If you ask any freelancer in the industry, every single one”; ‘it’s a struggle at times. Freelancing on the side while maintaining a full or even part time job is naturally harder, but we maintain that with the proper approach, juggling freelance filmmaking projects while teaching is not only possible, but incredibly beneficial to you and your students. We include here our top four tips to succeed as a freelance filmmaker whilst still teaching.
1 – Budget and Savings
If teaching is one thing, it’s a calling. We dedicate our lives and efforts to educating others and a passion for filmmaking shouldn’t encumber this. Sadly, filmmaking for the majority who try, is not an assured pathway to wealth.

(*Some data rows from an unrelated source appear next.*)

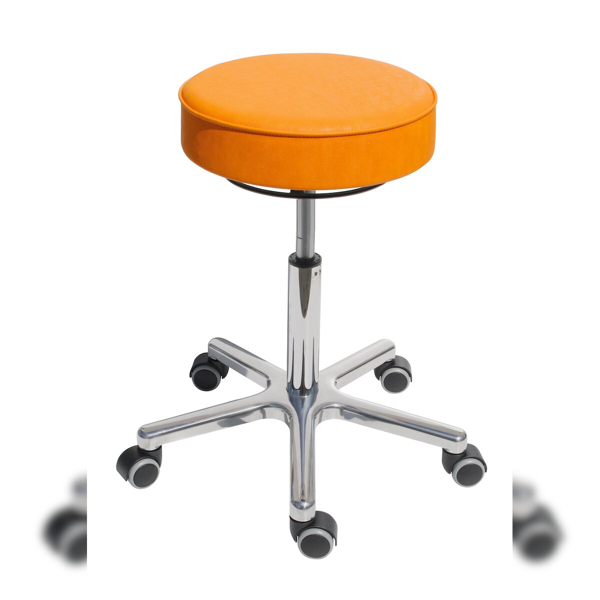 PROREGAL Drehhocker Indianapolis | Sitzhöhe 46-59cm | Ø 53cm | Tragfähigkeit 110kg | Kunstleder-Sitz | Aluminium-Fußkreuz mit Rollen | Gelb
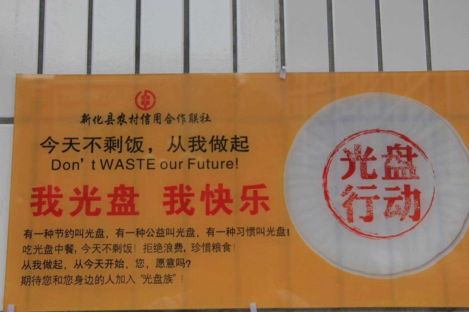 “有一种节约叫光盘,有一种公益叫光盘!所谓光盘,就是吃光你盘子中的食物。拒绝浪费,珍惜粮食!从我做起,从今天开始,你,愿意吗?”
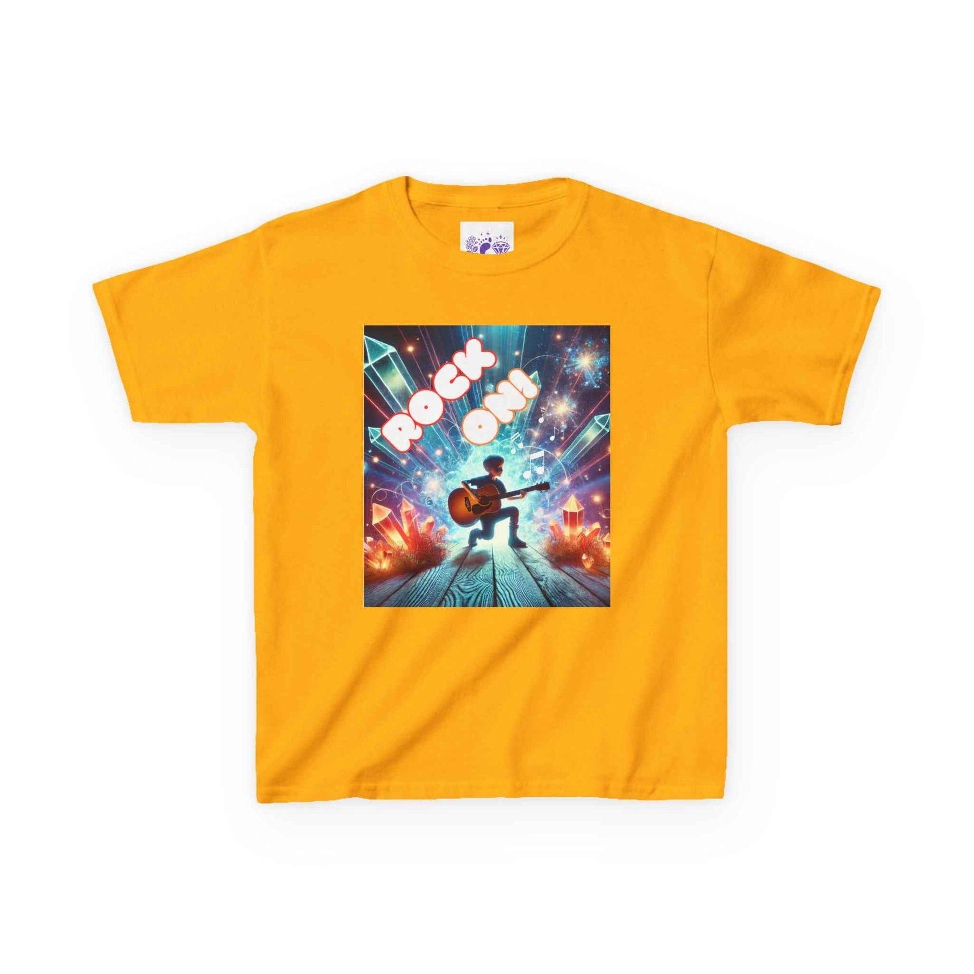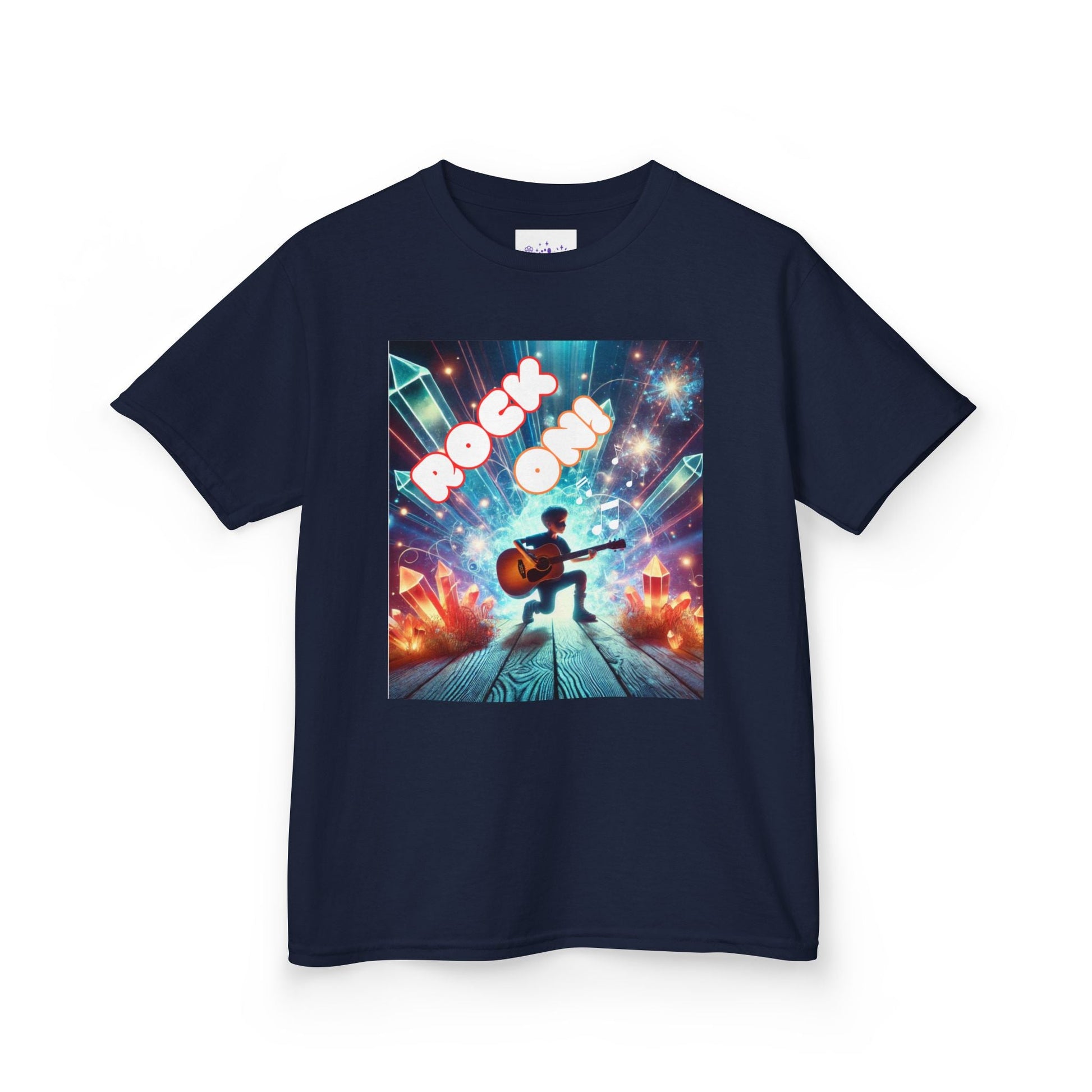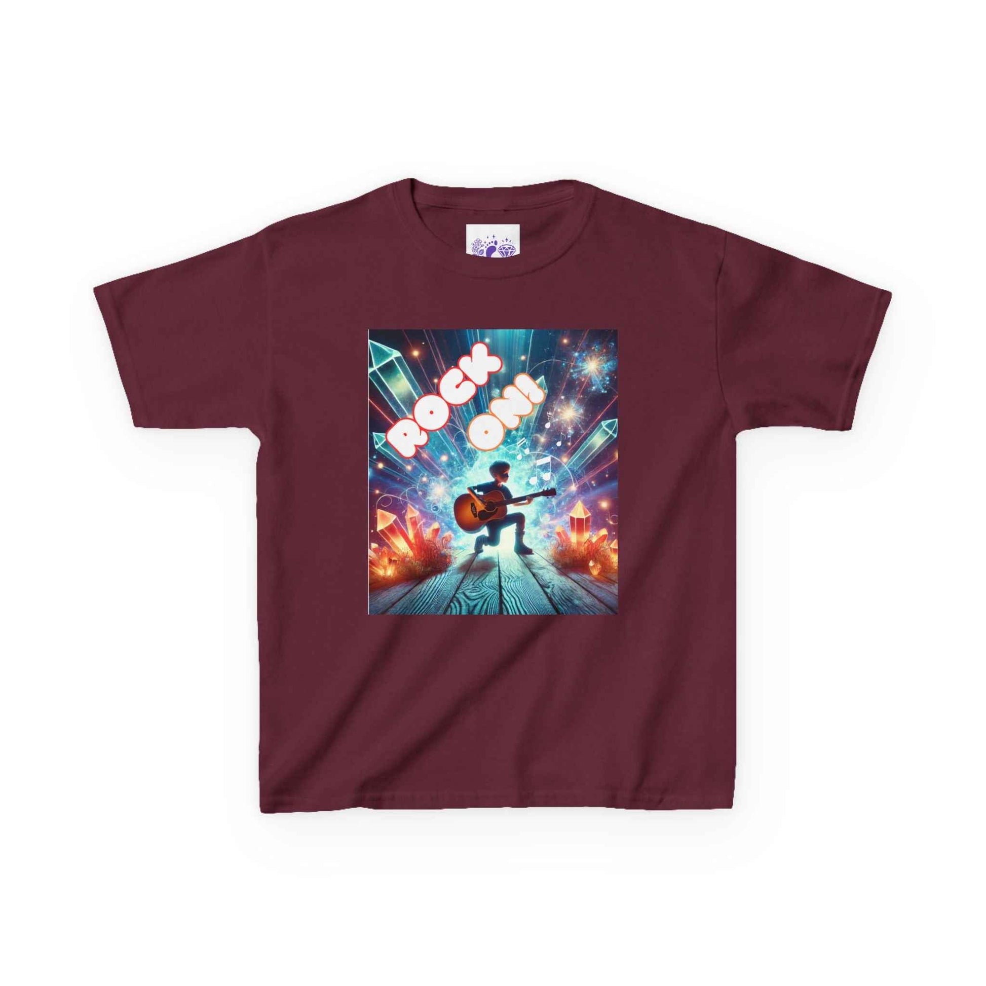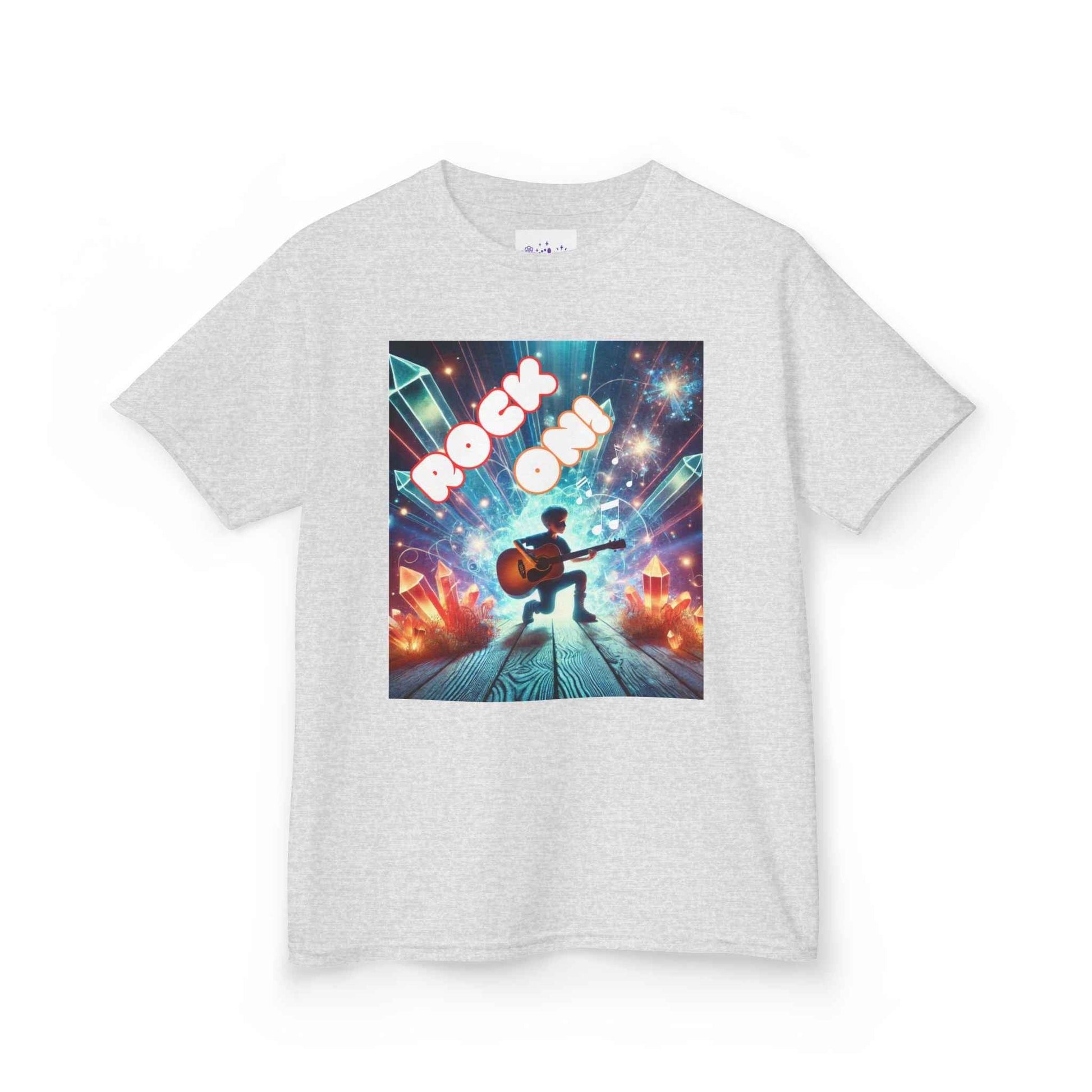 Let your little rockstar shine with our brand-new 'ROCK ON' Kids' Shirt! This fun and magical tee features a cool kid rocking out on a guitar, surrounded by vibrant crystals, making it the ultimate fusion of music and magic.
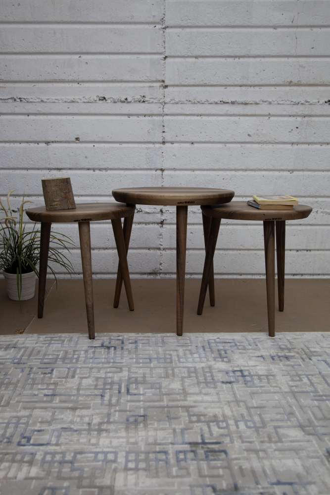 Bu el yapımı yuvarlak sehpa takımı, sade şıklığı ve doğal dokusuyla öne çıkar. Mat pürüzsüz yüzeyi yansımaları engellerken, ahşabın sıcaklığını doğrudan hissettirir.
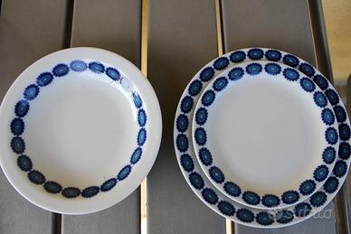 Set di piatti decorati a mano, comprendenti 11 piatti piani, 11 piatti fondi e 11 piattini da dessert. Il set si completa di tre piatti da portata: rotondo, ovale e quadrato.
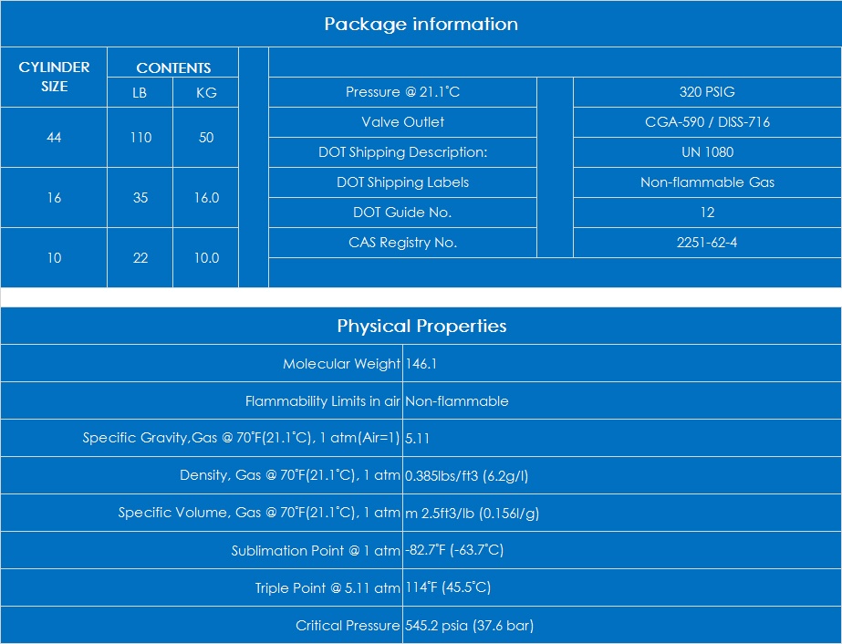 Sulfur hexafluoride(SF6) is a colorless, odorless, non-toxic, non-flammable inert gas with a molecular weight of 146.07 and a density of 6.1 kg / m3 at 20 ° C and 0.1 MPa, about 5 times the air density. Sulfur hexafluoride is gaseous at ambient temperature and pressure, with a critical temperature of 45.6 ° C, a three-phase temperature of -50.8 ° C and a sublimation temperature of -63.8 ° C at atmospheric pressure. Sulfur hexafluoride molecular structure octahedral arrangement, the bonding distance is small, the bond can be high, so its stability is high, the temperature does not exceed 180 ℃, its compatibility with electrical structural materials and nitrogen similar

Starting out in the film business is never easy, and it’ll often cost money to advance to where you’re aiming for next. With courses, equipment and travel expenses, you may find that you need to spend more money than you initially anticipated when you decided to try your hand at freelance filmmaking. By budgeting you’ll ensure that you have a decent amount to spend on your hobby as you try to grow that into a second career. Whether you plan to save enough to one day dedicate 100% of your time to filmmaking or not, saving in preparation will allow you to pursue your ambitions outside the classroom and become the best filmmaker you can be!
2 – Give Yourself 110%
Just because you’re balancing your time in the field with time in the classroom doesn’t mean you shouldn’t dedicate yourself 110% in both pursuits. Not only is it unfair to you, to only invest in yourself half-heartedly, but it’ll also negatively affect your students if they feel you’re not dedicating yourself to their learning. By using what you’ve learned as a teacher in filmmaking, whilst also taking your freelance experience into the classroom, you’re ensuring that you’re giving your students and your co-filmmakers a broader overall range of knowledge and potentially greater dedication to both jobs at once.
3 – Network, network, network
We’ve discussed the importance of networking for aspiring filmmakers before, but this industry necessity is even more important if you’re just breaking into the business. By seeking out local networking events during term time, and venturing out to bigger events like festivals and even film markets during school holidays, not only are you able to give your students an insider’s view on how to successfully network, but you’re making the most out of your busy schedule.
4 – Diversity
As a part-time filmmaker, you can’t be too picky about which jobs come your way. Learn to adapt to your surroundings and take every opportunity available. Your income as a teacher will allow you to go after jobs you’re passionate about even though they may not pay much, and your experience collaborating with students will give you a step-up when working with others. Although your term-time schedule may not allow you to find weekday filmmaking opportunities, there are plenty of other streams of revenue encouraging use of your filmmaking chops and getting your name out there. Find as many ways to create and own content as you can, a great approach is by filming stock footage that you can sell for extra revenue as well as promoting yourself as a filmmaker even whilst you might be otherwise preoccupied as an educator.
By using on set what you’ve learned in the classroom, as well as adapting your filmmaking experience for your classes, you’re guaranteeing you’ll become a more well-rounded filmmaker and also educator. Use yourself as a real-life example for your students on how to achieve their filmmaking aspirations as you pursue yours!